Winnie
the Pooh Sails the Atlantic Ocean
When I was 20 I ran away to sea; but before I
left I grabbed a few things which I couldn’t bear to leave behind and never see
again. I had only a small, school size backpack and so not much would fit in. I
took just the least amount of clothing so that I could stuff in my treasured
possessions – a green jewellery box inherited from my mother, and a set of pale
blue books won as a prize by her when she was a little girl: the original
Winnie the Pooh books by AA Milne. (Perhaps my selection was subconsciously
decided by the fact that she had just committed suicide, three weeks previously;
my reason I suppose, for running away from home.)
And so,
anyway, after an abrupt departure from his bookshelf Winnie the Pooh went to
sea – ‘in a beautiful pea-green boat;’ though for considerably longer, than ‘a year and a day.’ He set sail with me
for five long years; and with a strange man, very much older than us, in a
little engineless 28ft gaff-rigged sloop, heading out for far distant horizons;
and adventures, many, glorious, and terrifying!

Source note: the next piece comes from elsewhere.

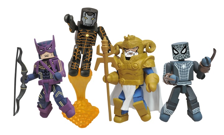 To commemorate the Earth-shattering Marvel storyline, Diamond Select Toys is releasing two box sets of Minimates! The Worthy box set includes Cul, The Serpent (the Asgardian god of fear); his herald Skadi (a.k.a Sin, the Red Skull's daughter); Mokk, Breaker of Faith (formerly the Grey Gargoyle); and Angrir, Breaker of Souls (formerly the ever-lovin' blue-eyed Thing). Each comes with a massive hammer, and the Serpent also comes with his staff.

Winnie the Pooh, UNDOUBTEDLY
THE MOST FAMOUS OF ALL BOOK CHARACTERS,
sailed from West Wales to England and from England to Ireland and from Ireland
to Gibraltar and on to West Africa. Surviving shipwreck off the Sahara Desert
coast, and living to tell the tale of his hair-raising subsequent voyage across
the Atlantic in a brand new boat his owner built on a beach in Dakar beneath
seven coconut trees.
Crossing the Atlantic Ocean in 17 days, and at
an average speed of 7 ½ knots, Winnie the Pooh finally reached the Americas,
South and North; ending his days on the canals in Florida. For there, very sadly,
he was inadvertently left behind when his owner ‘jumped ship’ and flew home to
Wales.
One can
only hope that he and his friends remain safely on board, on the vessel’s
bookshelf, and continue to enjoy their seafaring voyages and life on the ocean wave
till the end of their days.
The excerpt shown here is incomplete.